Ever since we discovered that the Earth is round and turns like a mad-spinning top, we have understood that reality is not as it appears to us: every time we glimpse a new aspect of it, it is a deeply emotional experience. Another veil has fallen.
Carlo Rovelli, “Seven Brief Lessons on Physics”
Educators have assumed that the minds of young children are insufficiently well-developed to take in abstract ideas that challenge the intuitions of adults. But what if flexible young minds were to be exposed to counter-intuitive concepts from an early age? Do not intuition-bending concepts as multiple infinities, quantum uncertainty, and evolution by natural selection have something in common with the imaginary worlds and beings that are the fabric of a child’s life?
Instead of indoctrinating children in the apparent concreteness of the world-as-it-seems, might it not be possible to at the same time to provide glimpses of the true weirdness of the world-as-it-is?
Consider as an example this typical maths curriculum from Ontario. For 7 full years, from JK to grade 5, the existence of negative numbers is hidden from students. Only numbers greater than or equal to 0 are to be mentioned, a fiction that sets firmly in a child’s mind that these are all the numbers there are. Then in grade 6, when negative numbers are finally revealed to them, students must unlearn what they understood to be a basic fact of numbers – their “positiveness” – before working with negatives. This creates a feeling of cognitive dissonance that some students will never completely overcome, and probably contributes to the anxiety, and sometimes hatred, of maths that is epidemic in our society.
And yet negative numbers can be as real and as compelling to young children as their invisible friends. Negative numbers (as well as multiple infinities, complex numbers, infinitesimals, fractals, etc.) are “unreal” invented concepts as fascinating as wizards, ghosts, or magical lands above clouds or under the sea. Even the youngest student could be given glimpses of these wonders for three reasons:
- introducing these ideas gradually over the course of many years will make it easier for children to embrace them when time comes to actually work with and manipulate these numbers.
- it will go a long way to instill the idea that the maths are creative subject, one that demands and welcomes insight and imagination as well as discipline and precision. Much of current maths instruction involves dry mastery of rote routines and rules that is boring and distasteful to most people. This in turn leads to adults who are ill-equipped to use mathematical concepts to manage their finances, safety, and participation as engaged citizens.

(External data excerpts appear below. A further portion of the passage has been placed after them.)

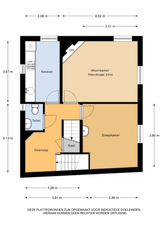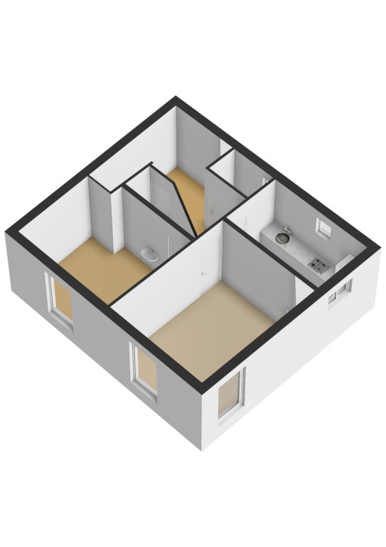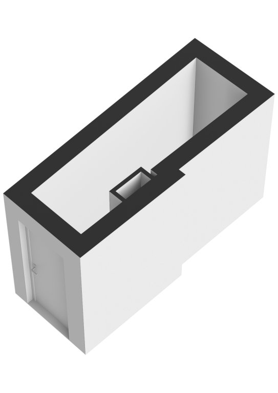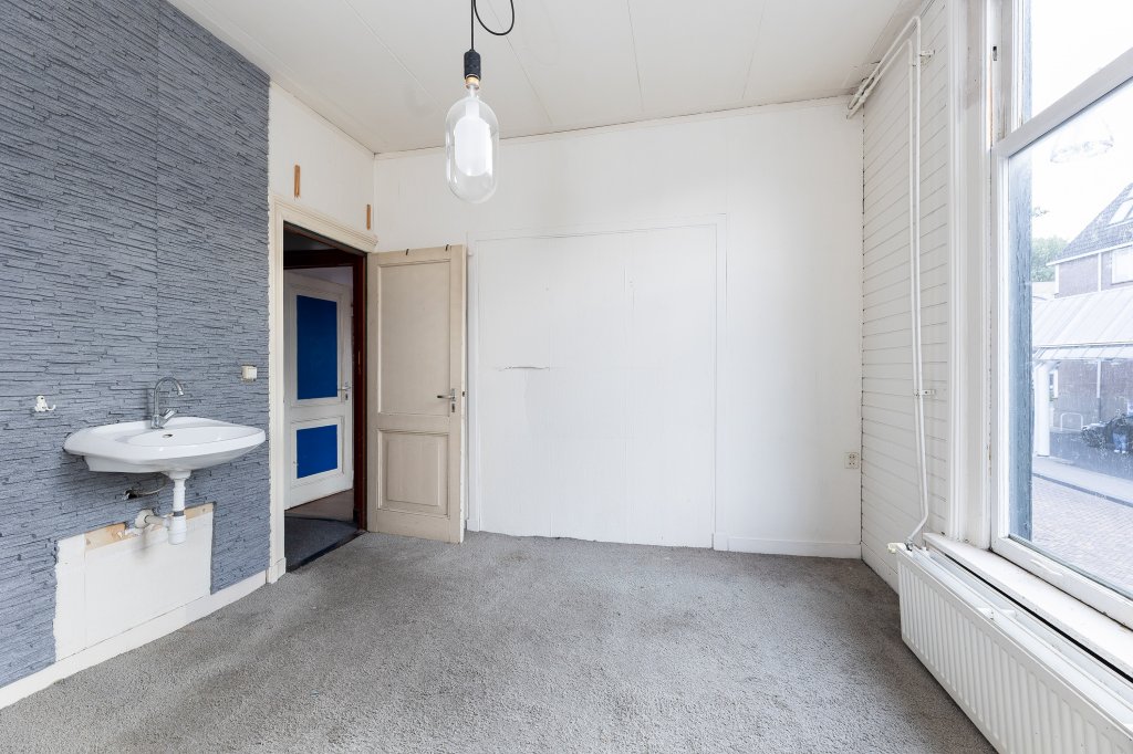 Hier bevinden zich nu een woonkamer, een gesloten keuken en een ruime overloop met trapkast en toilet. Met een slimme indeling kun je hier eenvoudig een royale woonkamer met open keuken realiseren – ideaal voor wie houdt van licht en ruimte.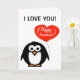 Cartão de felicitações de aniversário com pinguim fofo segurando um balão vermelho em forma de coração.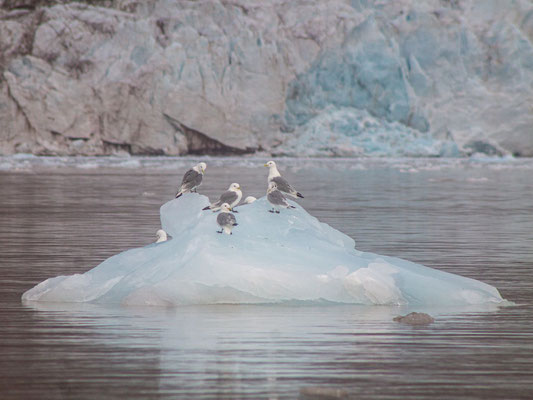 Möwen kommen in verschiedenen Arten vor. Am häufigsten sind Eismöwe und Dreizehenmöwen zu sehen. Schmarotzerraubmöwen, Spatelraubmöwen, Falkenraubmöwen, Mantelmöwen (selten) und Elfenbeinmöwe (selten) halten sich auch rund um Spitzbergen auf.

- one of the most seductive things an adult can say to a child is “there’s something more, but you aren’t quite ready for it, wait til you are older”. This is true of books, movies, roller-coasters, sports, magic tricks, and alcohol. Properly handled it can be true of maths as well, tempting some (many?) students to seek out this “hidden” knowledge on their own, and as a result to associate maths with pleasure rather than fea
Humans seem to be addicted to narratives, so it is helpful that Maths come with some intriguing (and occasionally) bloody stories: the deadly heresy of the square root of 2, how a chessboard bankrupted an Indian king (or maybe queen), how an “imaginary” number first identified in ancient Egypt led to the smart phones.
The above example is about maths, but it applies to every type of knowledge – the fuzziness of quantum mechanics, the multiple perspectives of history, the ways our brains misperceive reality, the complex dynamics of societies. All have versions that are accessible to young children at a time when their core understandings of the world are formed.
They will grow to inhabit a world of unforeseeable challenges and dramatic changes. Bizarrely, we have told our schools to present young students with a grey 2-dimensional static picture of the world.
In order for our children, when they are adults, to successfully manage what will confront them, we must help them build from an early age a deep intuition about the richness, fluidity, and mystery of the world.